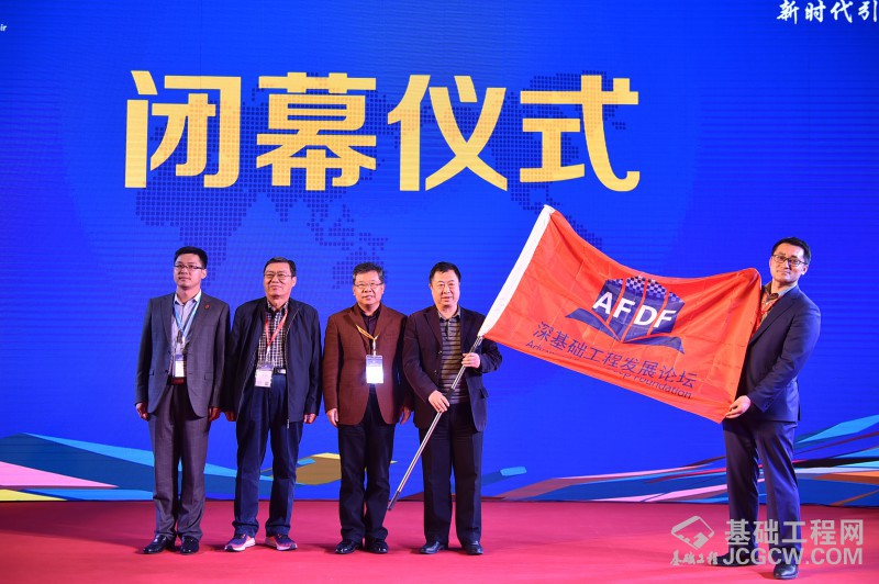 会议现场确定了第十届深基础工程发展论坛举办地为山东省济南市,并以本届协办方代表辛鹏总经理将会旗交接给下届协办方山东大学等领导为本届会议划上圆满的句号。
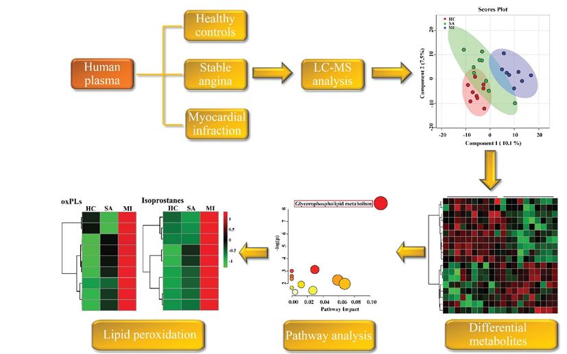 圖:利用代謝組學(xué)、脂質(zhì)組學(xué)研究不同階段冠心病病人血漿代謝變化的流程圖。
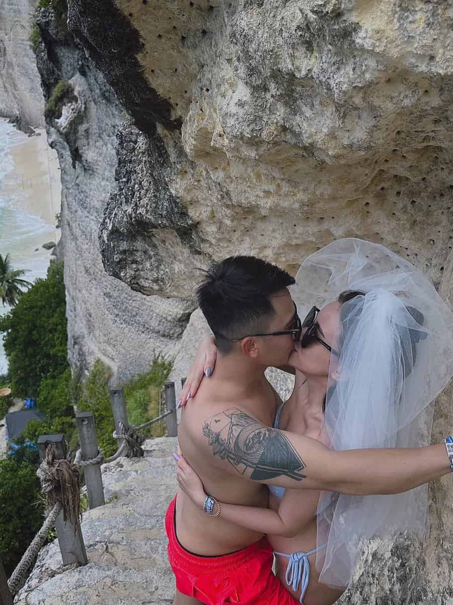 - Nụ hôn lãng mạn: Là một cách thể hiện tình yêu ngọt ngào của cặp đôi đang yêu, với cách pose dáng này, hai bạn có thể ôm nhau và trao một nụ hôn tự nhiên, nàng có thể đưa tay lên gò má hoặc đôi vai để tăng sự duyên dáng và giúp cho tổng quan của bức ảnh gắn bó hơn.
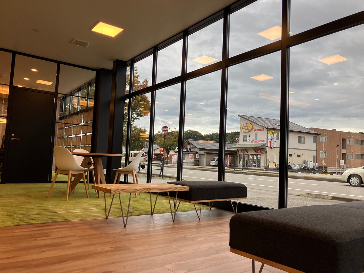 一面ガラス張りのワンフロアで開放感があり、気軽にご来店いただける店舗です。金沢市東部の住まいの窓口として、住宅や不動産をお考えの方にワンストップでお力添えいたします。

> **Exercise directions**
Each line above should be written out again exactly, without any image.

> **The completed task**
 会议现场确定了第十届深基础工程发展论坛举办地为山东省济南市,并以本届协办方代表辛鹏总经理将会旗交接给下届协办方山东大学等领导为本届会议划上圆满的句号。
 圖:利用代謝組學(xué)、脂質(zhì)組學(xué)研究不同階段冠心病病人血漿代謝變化的流程圖。
 - Nụ hôn lãng mạn: Là một cách thể hiện tình yêu ngọt ngào của cặp đôi đang yêu, với cách pose dáng này, hai bạn có thể ôm nhau và trao một nụ hôn tự nhiên, nàng có thể đưa tay lên gò má hoặc đôi vai để tăng sự duyên dáng và giúp cho tổng quan của bức ảnh gắn bó hơn.
 一面ガラス張りのワンフロアで開放感があり、気軽にご来店いただける店舗です。金沢市東部の住まいの窓口として、住宅や不動産をお考えの方にワンストップでお力添えいたします。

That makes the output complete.